**Dataset content:**
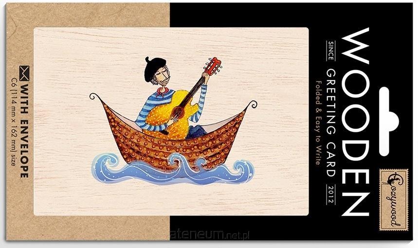 Karnet drewniany C6 + koperta Kobieta na balonie
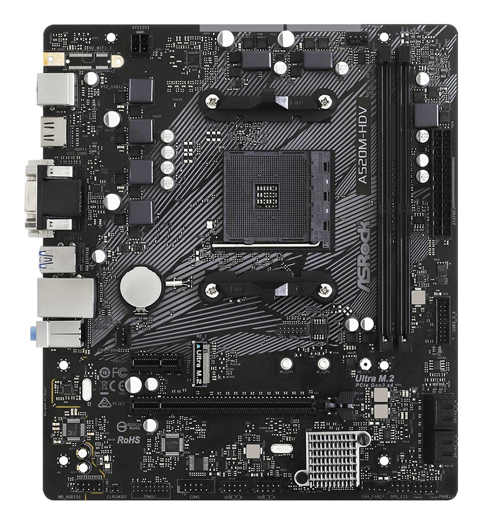Asrock A520M-HDV, AMD, Socket AM4, AMD Ryzen 3000 Series, DDR4-SDRAM, 64 GB, DIMM
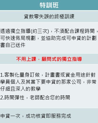 3.資金用途客製化詳解,從學員的行業屬性、所處地區,企劃書一致性,做量身指導
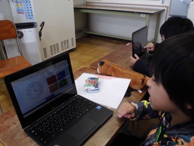1年生がテストに向けて時計の復習をしました。
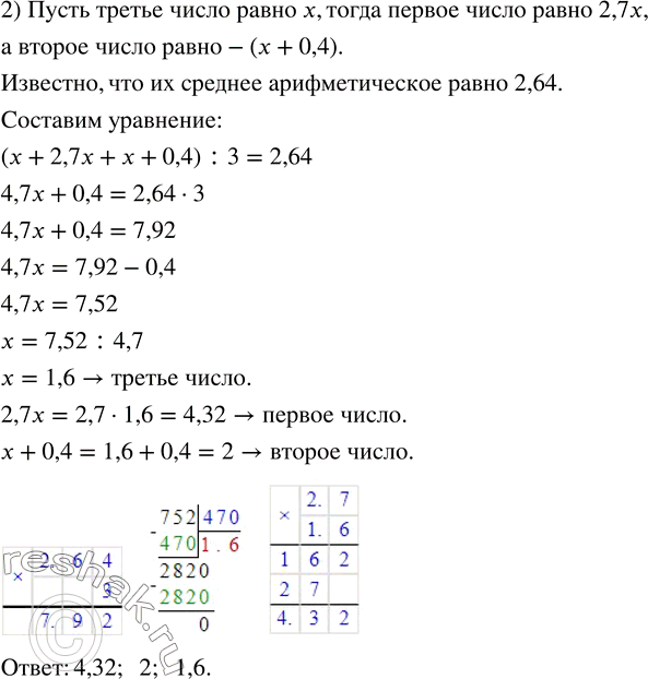2) Среднее арифметическое трёх чисел равно 2,64. Найдите эти числа, если первое число в 2,7 раза больше третьего, а второе на 0,4 больше первого.
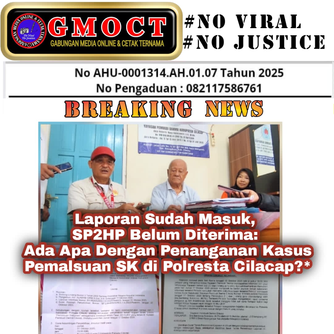 Cilacap, _ Penanganan dugaan pemalsuan Surat Keputusan (SK) pemberhentian dua guru di Yayasan Pembudi Darma Cilacap menjadi sorotan. Ketua Yayasan, Albani Idris, S.Sos., S.H., mempertanyakan perkembangan laporan yang telah ia ajukan ke Polresta Cilacap, menyusul belum diterimanya Surat Pemberitahuan Perkembangan Hasil Penyidikan (SP2HP) maupun salinan Laporan Polisi (LP).
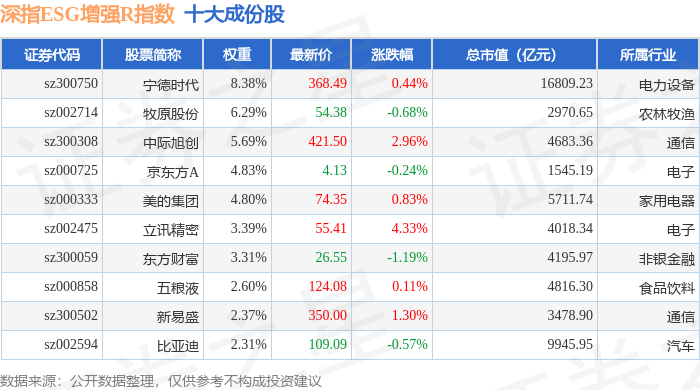 深指ESG增强R(470032)指数十大成份股详情如下:
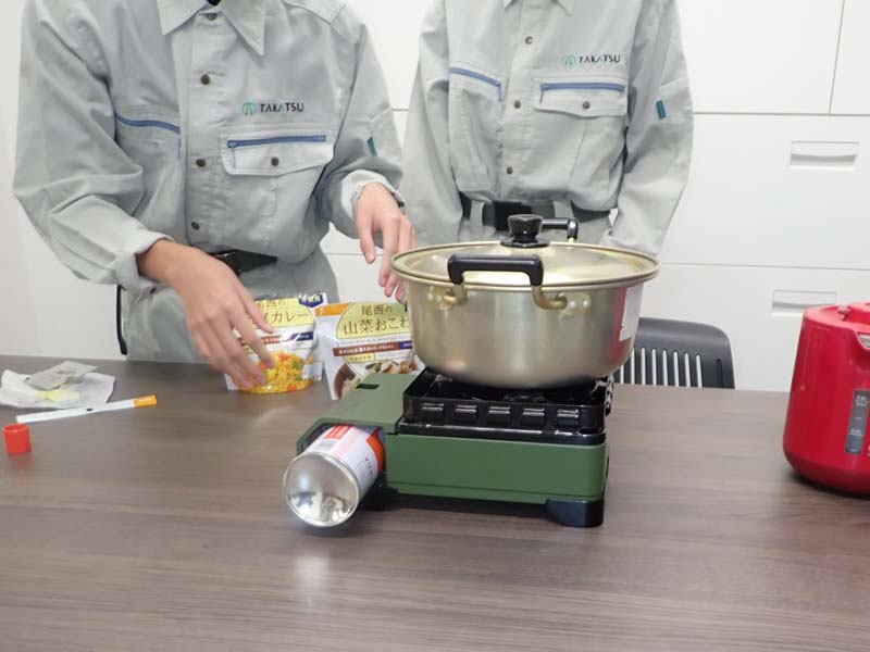 体験では電気が使えなくなった災害時を想定して、ガスコンロを使用したお湯の作り方から非常食の調理方法を行いました。
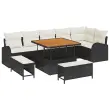 vidaXL Vrtna sedežna garnitura z blazino z blazino 9 pcs Črna in krem
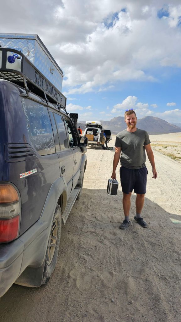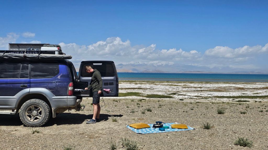 Didi a Karolína, párik z Holandska, nás presvedčili, že menšie jazero je oveľa krajšie než to, kam nás viedla navigačka (Yashikul lake). Ostali sme spolu kempovať, otvorili si pivo a rozprávali sa až do večera. Ich príbeh bol veľmi podobný tomu nášmu – výpoveď v práci, podobný plán cesty, otrava jedlom v Dušanbe, hrozný servis auta…
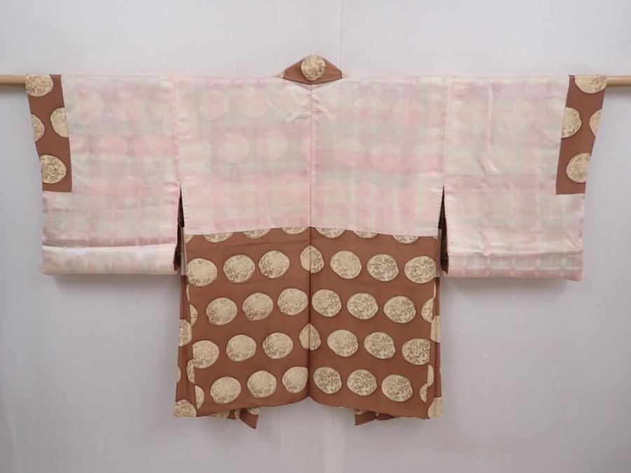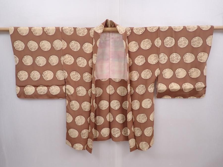 6004T02z570 Vintage Japanese Kimono Silk HAORI Light brown

**Instructions to follow:**
Set down all the lines above exactly as they appear, with no pictures.

**Response to the exercise:**
 Karnet drewniany C6 + koperta Kobieta na balonie
Asrock A520M-HDV, AMD, Socket AM4, AMD Ryzen 3000 Series, DDR4-SDRAM, 64 GB, DIMM
 3.資金用途客製化詳解,從學員的行業屬性、所處地區,企劃書一致性,做量身指導
1年生がテストに向けて時計の復習をしました。
2) Среднее арифметическое трёх чисел равно 2,64. Найдите эти числа, если первое число в 2,7 раза больше третьего, а второе на 0,4 больше первого.
 Cilacap, _ Penanganan dugaan pemalsuan Surat Keputusan (SK) pemberhentian dua guru di Yayasan Pembudi Darma Cilacap menjadi sorotan. Ketua Yayasan, Albani Idris, S.Sos., S.H., mempertanyakan perkembangan laporan yang telah ia ajukan ke Polresta Cilacap, menyusul belum diterimanya Surat Pemberitahuan Perkembangan Hasil Penyidikan (SP2HP) maupun salinan Laporan Polisi (LP).
 深指ESG增强R(470032)指数十大成份股详情如下:
 体験では電気が使えなくなった災害時を想定して、ガスコンロを使用したお湯の作り方から非常食の調理方法を行いました。
 vidaXL Vrtna sedežna garnitura z blazino z blazino 9 pcs Črna in krem
 Didi a Karolína, párik z Holandska, nás presvedčili, že menšie jazero je oveľa krajšie než to, kam nás viedla navigačka (Yashikul lake). Ostali sme spolu kempovať, otvorili si pivo a rozprávali sa až do večera. Ich príbeh bol veľmi podobný tomu nášmu – výpoveď v práci, podobný plán cesty, otrava jedlom v Dušanbe, hrozný servis auta…
 6004T02z570 Vintage Japanese Kimono Silk HAORI Light brown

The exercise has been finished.